§ Your objective
Only the lines from the one containing "Kajakfahrer an Küste bei Sonnenuntergang" through the end of the listing belong in the answer, repeated exactly, with no pictures.
(Beginning of Material for this task)
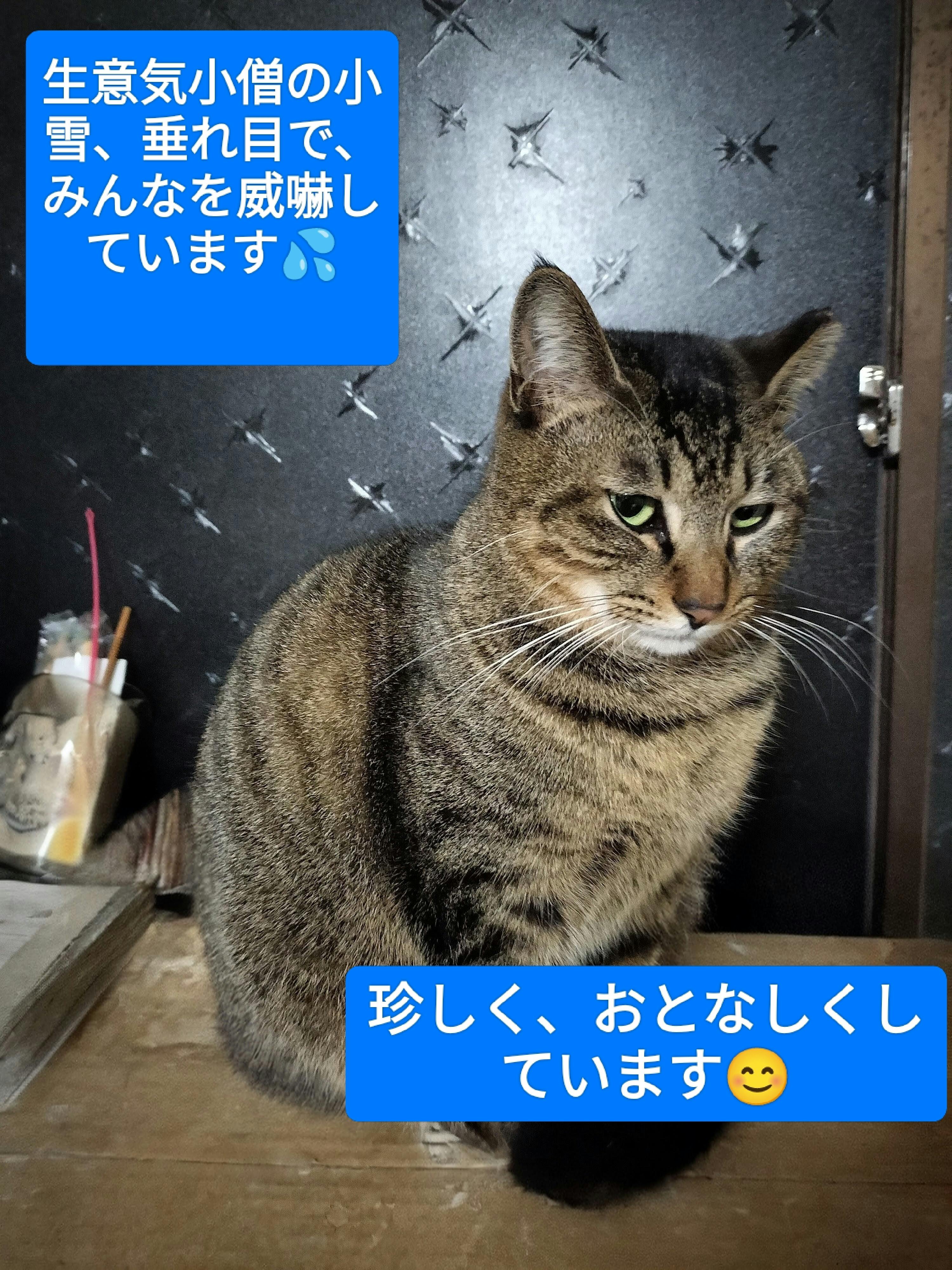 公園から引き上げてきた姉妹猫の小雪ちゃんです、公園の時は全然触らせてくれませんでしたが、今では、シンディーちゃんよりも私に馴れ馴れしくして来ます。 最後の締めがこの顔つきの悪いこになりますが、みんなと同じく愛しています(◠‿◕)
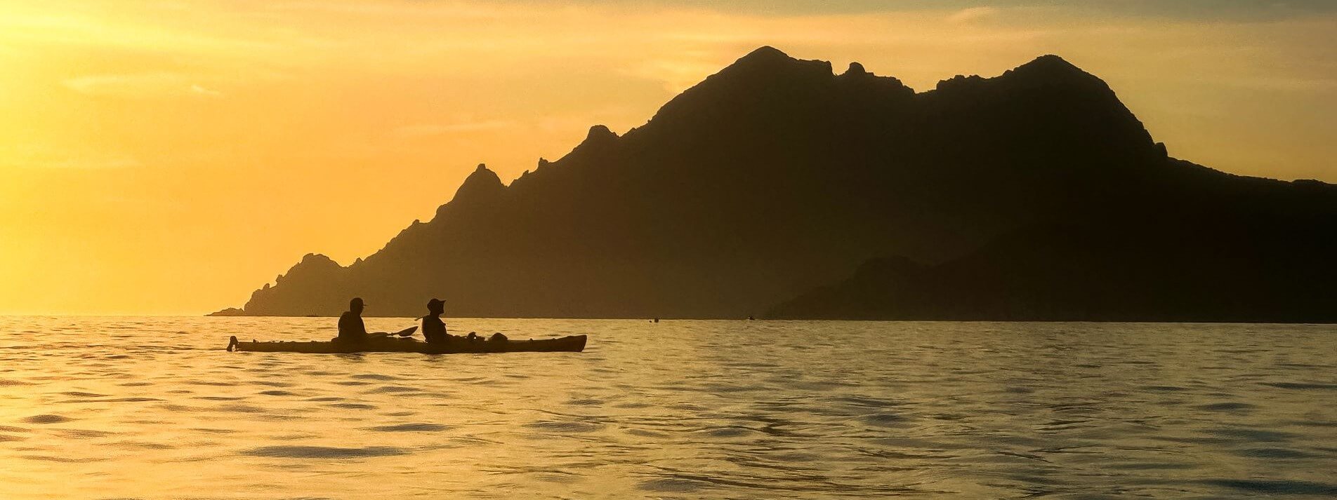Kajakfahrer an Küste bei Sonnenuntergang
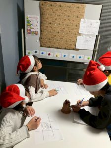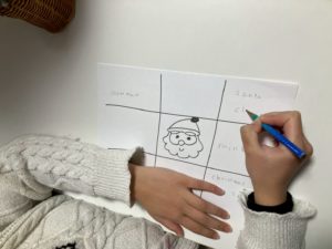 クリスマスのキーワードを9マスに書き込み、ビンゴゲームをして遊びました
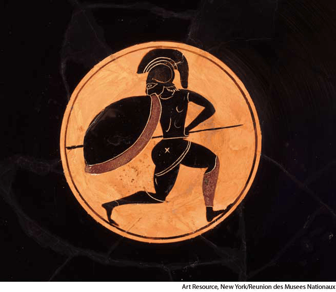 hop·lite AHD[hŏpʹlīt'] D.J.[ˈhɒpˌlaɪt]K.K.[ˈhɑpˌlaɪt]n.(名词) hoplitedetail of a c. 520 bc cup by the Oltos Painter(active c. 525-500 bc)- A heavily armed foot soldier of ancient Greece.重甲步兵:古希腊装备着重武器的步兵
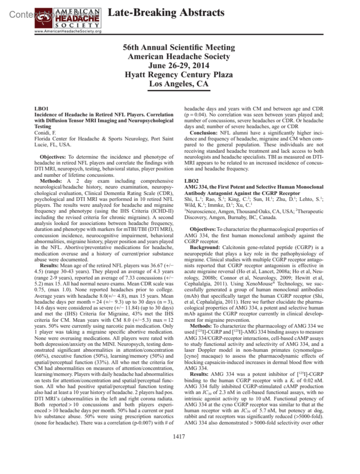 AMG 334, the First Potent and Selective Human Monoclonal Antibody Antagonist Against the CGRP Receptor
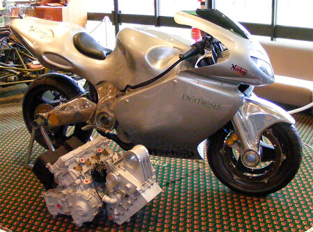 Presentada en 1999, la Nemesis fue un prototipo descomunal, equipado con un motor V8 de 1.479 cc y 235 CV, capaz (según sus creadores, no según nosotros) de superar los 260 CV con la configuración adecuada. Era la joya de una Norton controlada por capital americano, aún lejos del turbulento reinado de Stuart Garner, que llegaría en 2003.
(End of Material for this task)
§ Exercise answer
Kajakfahrer an Küste bei Sonnenuntergang
 クリスマスのキーワードを9マスに書き込み、ビンゴゲームをして遊びました
 hop·lite AHD[hŏpʹlīt'] D.J.[ˈhɒpˌlaɪt]K.K.[ˈhɑpˌlaɪt]n.(名词) hoplitedetail of a c. 520 bc cup by the Oltos Painter(active c. 525-500 bc)- A heavily armed foot soldier of ancient Greece.重甲步兵:古希腊装备着重武器的步兵
 AMG 334, the First Potent and Selective Human Monoclonal Antibody Antagonist Against the CGRP Receptor
 Presentada en 1999, la Nemesis fue un prototipo descomunal, equipado con un motor V8 de 1.479 cc y 235 CV, capaz (según sus creadores, no según nosotros) de superar los 260 CV con la configuración adecuada. Era la joya de una Norton controlada por capital americano, aún lejos del turbulento reinado de Stuart Garner, que llegaría en 2003.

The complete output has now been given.